#### Directions
Lines below starting with the line with "对此,比亚迪汽车、理想汽车官微,何小鹏本人微博纷纷回应支持小米汽车。" and going on through the line with "Animated self drawing" must be output exactly; the rest of the records must be left out.

#### Data
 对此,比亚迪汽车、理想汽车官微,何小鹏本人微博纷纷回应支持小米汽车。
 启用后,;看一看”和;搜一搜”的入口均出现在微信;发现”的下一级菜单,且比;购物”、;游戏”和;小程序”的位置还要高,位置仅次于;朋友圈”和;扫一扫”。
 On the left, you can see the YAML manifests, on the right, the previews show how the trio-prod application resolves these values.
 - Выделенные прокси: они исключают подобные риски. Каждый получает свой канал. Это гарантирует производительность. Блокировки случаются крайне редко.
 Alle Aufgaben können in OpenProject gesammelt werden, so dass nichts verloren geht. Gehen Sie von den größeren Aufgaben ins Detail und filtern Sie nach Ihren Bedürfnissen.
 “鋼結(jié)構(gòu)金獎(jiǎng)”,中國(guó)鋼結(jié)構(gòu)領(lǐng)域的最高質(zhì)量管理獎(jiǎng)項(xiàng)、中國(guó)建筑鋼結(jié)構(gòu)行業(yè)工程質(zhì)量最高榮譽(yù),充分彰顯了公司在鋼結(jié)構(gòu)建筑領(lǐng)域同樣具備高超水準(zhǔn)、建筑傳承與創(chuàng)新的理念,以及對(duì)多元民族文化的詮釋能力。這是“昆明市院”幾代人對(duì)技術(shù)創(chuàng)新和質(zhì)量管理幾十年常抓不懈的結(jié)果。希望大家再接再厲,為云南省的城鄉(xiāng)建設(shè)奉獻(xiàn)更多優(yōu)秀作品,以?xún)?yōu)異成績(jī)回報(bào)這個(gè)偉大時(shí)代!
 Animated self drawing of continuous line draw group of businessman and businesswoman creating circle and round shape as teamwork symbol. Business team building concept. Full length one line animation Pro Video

...

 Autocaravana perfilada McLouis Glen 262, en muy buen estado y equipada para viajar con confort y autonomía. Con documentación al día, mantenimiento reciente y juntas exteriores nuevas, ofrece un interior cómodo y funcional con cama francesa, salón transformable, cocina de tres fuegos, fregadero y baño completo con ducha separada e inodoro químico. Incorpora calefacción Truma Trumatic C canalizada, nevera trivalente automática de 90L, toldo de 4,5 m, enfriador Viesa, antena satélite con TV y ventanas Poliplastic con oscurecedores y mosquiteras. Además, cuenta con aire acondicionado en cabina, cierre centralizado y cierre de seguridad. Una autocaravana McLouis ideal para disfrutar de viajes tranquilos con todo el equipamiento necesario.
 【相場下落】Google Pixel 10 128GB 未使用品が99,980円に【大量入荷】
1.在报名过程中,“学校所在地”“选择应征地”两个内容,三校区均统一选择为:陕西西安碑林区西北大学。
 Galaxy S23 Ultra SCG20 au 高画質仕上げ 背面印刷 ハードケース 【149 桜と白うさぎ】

#### Task result
 对此,比亚迪汽车、理想汽车官微,何小鹏本人微博纷纷回应支持小米汽车。
 启用后,;看一看”和;搜一搜”的入口均出现在微信;发现”的下一级菜单,且比;购物”、;游戏”和;小程序”的位置还要高,位置仅次于;朋友圈”和;扫一扫”。
 On the left, you can see the YAML manifests, on the right, the previews show how the trio-prod application resolves these values.
 - Выделенные прокси: они исключают подобные риски. Каждый получает свой канал. Это гарантирует производительность. Блокировки случаются крайне редко.
 Alle Aufgaben können in OpenProject gesammelt werden, so dass nichts verloren geht. Gehen Sie von den größeren Aufgaben ins Detail und filtern Sie nach Ihren Bedürfnissen.
 “鋼結(jié)構(gòu)金獎(jiǎng)”,中國(guó)鋼結(jié)構(gòu)領(lǐng)域的最高質(zhì)量管理獎(jiǎng)項(xiàng)、中國(guó)建筑鋼結(jié)構(gòu)行業(yè)工程質(zhì)量最高榮譽(yù),充分彰顯了公司在鋼結(jié)構(gòu)建筑領(lǐng)域同樣具備高超水準(zhǔn)、建筑傳承與創(chuàng)新的理念,以及對(duì)多元民族文化的詮釋能力。這是“昆明市院”幾代人對(duì)技術(shù)創(chuàng)新和質(zhì)量管理幾十年常抓不懈的結(jié)果。希望大家再接再厲,為云南省的城鄉(xiāng)建設(shè)奉獻(xiàn)更多優(yōu)秀作品,以?xún)?yōu)異成績(jī)回報(bào)這個(gè)偉大時(shí)代!
 Animated self drawing of continuous line draw group of businessman and businesswoman creating circle and round shape as teamwork symbol. Business team building concept. Full length one line animation Pro Video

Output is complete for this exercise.